Achraf Baznani (born 1 January 1979) is a Moroccan artist, filmmaker and photographer.[1] He was born in Marrakesh.[2][3]
Baznani got started in photography by chance. He received a Kodak Ektra Compact 250 camera for his birthday as a teen.[2] Baznani is self-taught and has never taken photography classes.[4] He has made several short films and documentaries. These include "Walk" in 2006 and "The Forgotten" in 2007. "The Immigrant" in 2007 received several national and international awards.[5]
Baznani is best known for being the first artist in the Arab world to publish a photo-book based on surreal imagery.[6] Both books, Through My Lens and Inside My dreams, are surreal.[7] Baznani places himself within his photographs of everyday objects, scenes and amusing situations.[8]
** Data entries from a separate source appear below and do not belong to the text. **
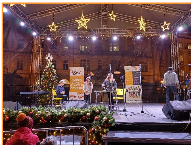
Vánoční trhy na Staroměstském náměstí 14.12.2023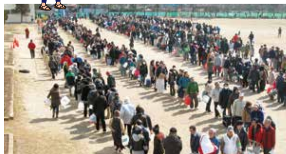
▲給水所で順番を待つ人々(仙台市)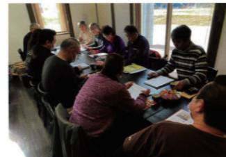
陸丸にて開催 理事会及び監査会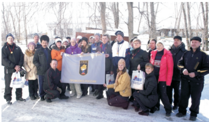
Мы - команда!

Уверен, что эти незабываемые ощущения разделили и мои коллеги и пожелают испытать их ещё не раз. Возьмут с собой своих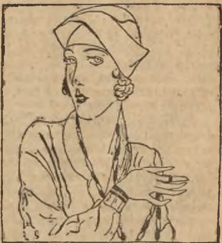
Elegancki kapelusz pilśniowy.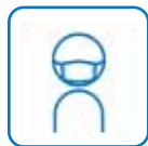
ご来場時のマスク着用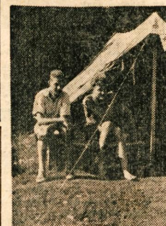
Taborniki v svojem taborišču

Taborniška organizacija v Sloveniji stopa v peto leto svojega delovanja med mladino.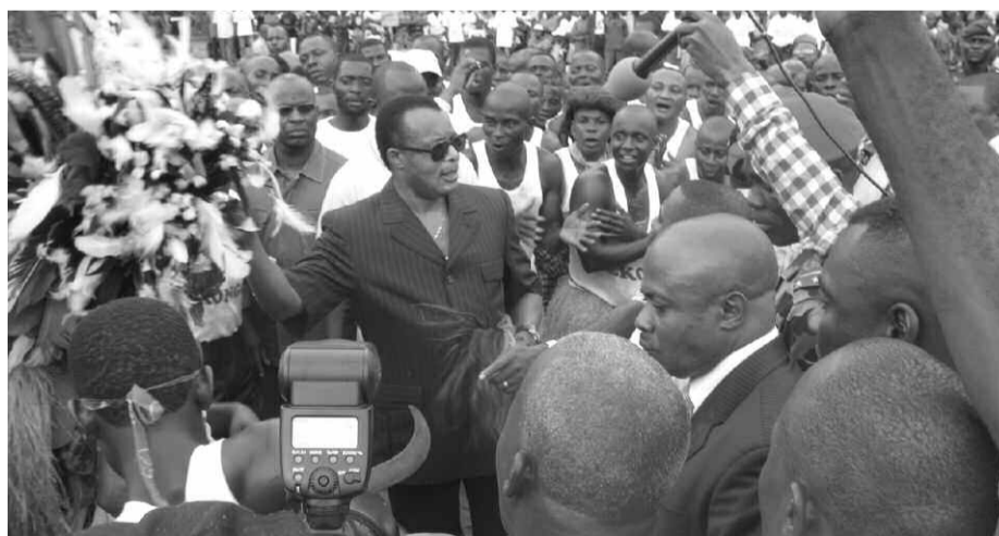
Denis Sassou N'Guesso au milieu des danseurs d'Ékongo

Quand le son du tam-tam se mélange au croassement d'instruments taillés dans des bambous de Chine sur lesquels le joueur gratte une tige rigide, et quand le chant est entonné, les têtes commencent à bouger, puis les reins, puis tout le corps. En général, le danseur agit torse nu, mettant toute son énergie à baisser et à relever la tête. Un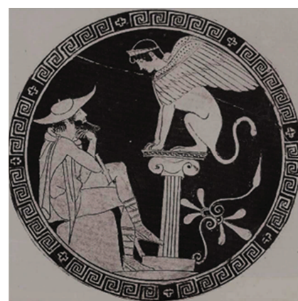
Figura 8. Vat. 16.541 = Cat. 87 Moret 1984.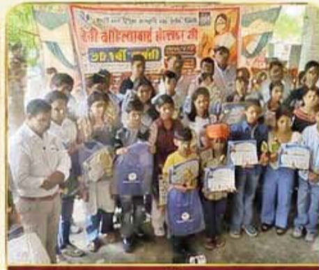
सम्मानित छात्र-छात्राओं के साथ गणमान्यजन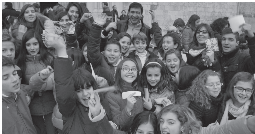
Los niños volvieron a sembrar estrellas por todos los rincones de la diócesis recordando así el nacimiento de Jesús.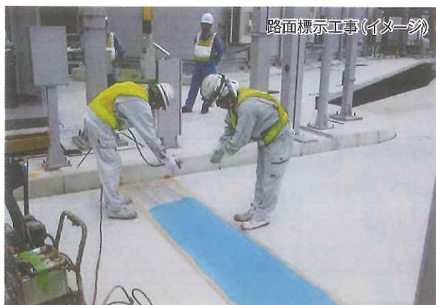
路面標示工事(イメージ)

工事の実施にあたり、車両が通行するために必要な幅員が確保できないことから夜間閉鎖を行います。

His works were featured in various magazines worldwide like PicsArt, National Geographic,[1] Mambo, Photo+, Amateur Photographer, Fotografe Melhor,[9] Digital Photo magazine.
During 2014, he completed his "52 Project Archived 2016-05-14 at the Wayback Machine", a personal mission which he committed to taking a picture every week in a row for a year.
On April 29th, 2015, Joel Robinson, a Canadian photographer, accused Achraf Baznani of plagiarism. His evidence was a long article, published both on his website and petapixel.com, that the Moroccan photographer used his work in a way that amounted to plagiarism.[10][11]
Although Robinson did not mention Baznani by name, the nature of the case was said by Robinson to be as follows. Robinson's originals all had a photo of himself in the middle of a graphic design of some kind. In each case, Baznani removed Robinson's image and replaced it with one of himself.[12]